CLICK & SEE THE PICTURES

Sarcoidosis most commonly affects young adults of both sexes, although studies have reported more cases in females. Incidence is highest for individuals younger than 40 and peaks in the age-group from 20 to 29 years; a second peak is observed for women over 50.

Sarcoidosis occurs throughout the world in all races with an average incidence of 16.5/100,000 in men and 19/100,000 in women. The disease is most prevalent in Northern European countries, and the highest annual incidence of 60/100,000 is found in Sweden and Iceland. In the United States, sarcoidosis is more common in people of African descent than Caucasians, with annual incidence reported as 35.5 and 10.9/100,000, respectively. Sarcoidosis is less commonly reported in South America, Spain, India, Canada, and the Philippines.

The differing incidence across the world may be at least partially attributable to the lack of screening programs in certain regions of the world and the overshadowing presence of other granulomatous diseases, such as tuberculosis, that may interfere with the diagnosis of sarcoidosis where they are prevalent. There may also be differences in the severity of the disease between people of different ethnicities. Several studies suggest that the presentation in people of African origin may be more severe and disseminated than for Caucasians, who are more likely to have asymptomatic disease.
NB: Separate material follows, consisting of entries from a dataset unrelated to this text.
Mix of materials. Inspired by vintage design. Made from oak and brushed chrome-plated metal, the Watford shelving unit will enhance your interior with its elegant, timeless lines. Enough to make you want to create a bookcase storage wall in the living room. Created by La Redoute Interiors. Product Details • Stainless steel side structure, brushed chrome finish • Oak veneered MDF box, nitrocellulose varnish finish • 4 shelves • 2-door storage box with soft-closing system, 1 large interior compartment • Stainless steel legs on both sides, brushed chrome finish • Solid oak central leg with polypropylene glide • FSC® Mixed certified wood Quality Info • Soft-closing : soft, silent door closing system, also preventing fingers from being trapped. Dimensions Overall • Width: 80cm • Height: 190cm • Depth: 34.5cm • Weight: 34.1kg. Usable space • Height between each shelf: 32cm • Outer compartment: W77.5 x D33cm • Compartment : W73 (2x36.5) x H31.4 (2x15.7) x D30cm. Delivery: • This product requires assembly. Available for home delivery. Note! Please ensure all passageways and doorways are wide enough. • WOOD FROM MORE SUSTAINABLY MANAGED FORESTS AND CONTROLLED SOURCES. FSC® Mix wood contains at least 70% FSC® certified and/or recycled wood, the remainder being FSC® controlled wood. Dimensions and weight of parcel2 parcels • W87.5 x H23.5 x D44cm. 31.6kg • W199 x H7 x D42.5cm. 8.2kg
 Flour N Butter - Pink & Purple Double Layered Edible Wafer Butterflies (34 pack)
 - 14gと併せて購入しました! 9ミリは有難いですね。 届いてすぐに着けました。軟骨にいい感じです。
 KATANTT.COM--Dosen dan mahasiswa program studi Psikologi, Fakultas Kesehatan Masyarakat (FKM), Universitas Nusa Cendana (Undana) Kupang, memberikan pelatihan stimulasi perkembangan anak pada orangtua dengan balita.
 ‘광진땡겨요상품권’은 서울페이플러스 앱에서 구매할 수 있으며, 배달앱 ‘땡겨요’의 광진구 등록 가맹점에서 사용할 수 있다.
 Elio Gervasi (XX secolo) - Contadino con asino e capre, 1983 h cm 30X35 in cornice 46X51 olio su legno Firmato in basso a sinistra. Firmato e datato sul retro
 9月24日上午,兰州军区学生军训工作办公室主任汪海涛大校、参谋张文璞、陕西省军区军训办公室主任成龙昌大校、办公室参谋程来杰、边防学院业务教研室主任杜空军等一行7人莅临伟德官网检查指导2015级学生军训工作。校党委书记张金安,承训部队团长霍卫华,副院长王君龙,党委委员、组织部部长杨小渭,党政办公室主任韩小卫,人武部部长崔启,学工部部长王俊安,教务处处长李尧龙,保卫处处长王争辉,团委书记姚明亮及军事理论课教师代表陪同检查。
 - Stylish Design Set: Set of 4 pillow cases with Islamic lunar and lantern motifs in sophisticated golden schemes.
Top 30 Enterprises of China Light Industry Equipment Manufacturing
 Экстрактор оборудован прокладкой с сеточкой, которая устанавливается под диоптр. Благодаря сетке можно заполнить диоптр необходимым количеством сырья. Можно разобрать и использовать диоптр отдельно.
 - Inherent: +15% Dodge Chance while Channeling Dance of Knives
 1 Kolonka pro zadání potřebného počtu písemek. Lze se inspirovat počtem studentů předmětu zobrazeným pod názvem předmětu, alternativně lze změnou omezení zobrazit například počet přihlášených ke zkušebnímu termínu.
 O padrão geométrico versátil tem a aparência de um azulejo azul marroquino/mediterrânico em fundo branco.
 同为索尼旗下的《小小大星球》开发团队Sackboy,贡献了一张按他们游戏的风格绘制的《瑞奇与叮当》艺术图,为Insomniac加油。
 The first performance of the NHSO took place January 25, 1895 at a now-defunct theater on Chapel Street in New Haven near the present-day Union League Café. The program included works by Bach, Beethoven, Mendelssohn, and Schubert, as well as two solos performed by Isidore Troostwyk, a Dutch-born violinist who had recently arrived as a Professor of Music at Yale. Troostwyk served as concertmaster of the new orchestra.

Manifestation appears to be slightly different according to race and sex. Erythema nodosum is far more common in men than in women and in Caucasians than in other races. In Japanese patients, ophthalmologic and cardiac involvement are more common than in other races.

Sarcoidosis is one of the few pulmonary diseases with a higher prevalence in non-smokers

Classification:
Sarcoidosis may be divided into the following types:

*Annular sarcoidosis
*Erythrodermic sarcoidosis
*Ichthyosiform sarcoidosis
*Hypopigmented sarcoidosis
*Löfgren syndrome
*Lupus pernio
*Morpheaform sarcoidosis
*Mucosal sarcoidosis
*Neurosarcoidosis
*Papular sarcoid
*Scar sarcoid
*Subcutaneous sarcoidosis
*Systemic sarcoidosis
*Ulcerative sarcoidosis

Symptoms:
Sarcoidosis is a systemic disease that can affect any organ. Common symptoms are vague, such as fatigue unchanged by sleep, lack of energy, weight loss, aches and pains, arthritis, dry eyes, swelling of the knees, blurry vision, shortness of breath, a dry hacking cough or skin lesions. Sarcoidosis and cancer may mimic one another, making the distinction difficult.  The cutaneous symptoms vary, and range from rashes and noduli (small bumps) to erythema nodosum or lupus pernio. It is often asymptomatic.

CLICK & SEE THE PICTURES

 

The combination of erythema nodosum, bilateral hilar lymphadenopathy and arthralgia is called Löfgren syndrome. This syndrome has a relatively good prognosis.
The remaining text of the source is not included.